Exercise aim:
Leaving out every picture, output the records below exactly as they are.

= = = =

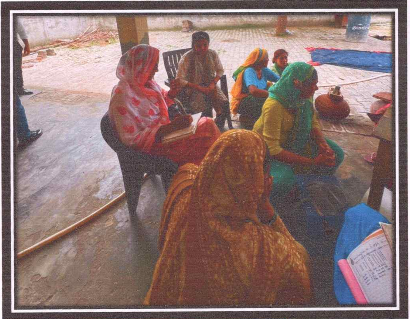
“Women Health & Hygiene for Women”-26 th September 2018
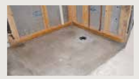
Allow to cure.
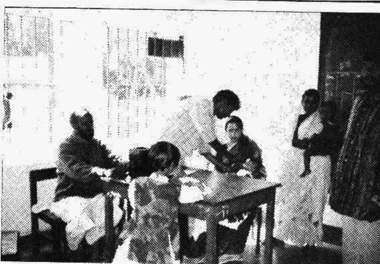
MAGURA: National immunisation campaign at a union health and family welfare centre here.

It also said the use of surface water would bring back the ecological balance in the region and remove the acidity of the land to make it fertile.
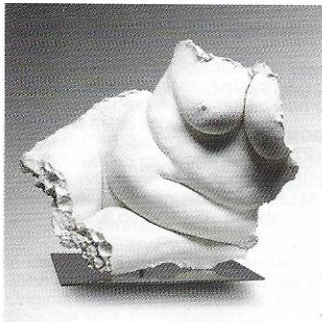
Nicole Farhi 'Cybele'
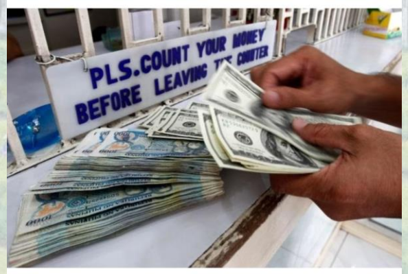
The Philippine economy grew 7.6 percent in the third quarter, ahead of expectations

Official says Southeast Asian economy on track to meet government's growth target for 2022.
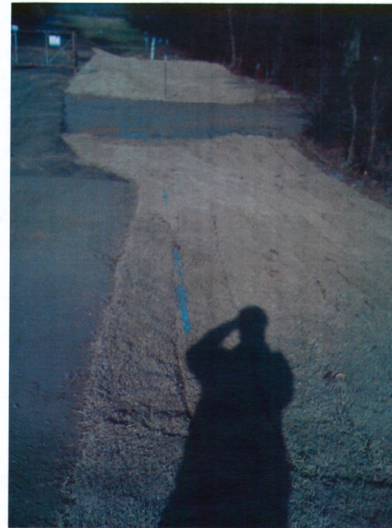
Photo 2: Looking North from Dollard Road along East side of Drive (Old Hwy 282)

= = = =

Written solution:
“Women Health & Hygiene for Women”-26 th September 2018
Allow to cure.
MAGURA: National immunisation campaign at a union health and family welfare centre here.

It also said the use of surface water would bring back the ecological balance in the region and remove the acidity of the land to make it fertile.
Nicole Farhi 'Cybele'
The Philippine economy grew 7.6 percent in the third quarter, ahead of expectations

Official says Southeast Asian economy on track to meet government's growth target for 2022.
Photo 2: Looking North from Dollard Road along East side of Drive (Old Hwy 282)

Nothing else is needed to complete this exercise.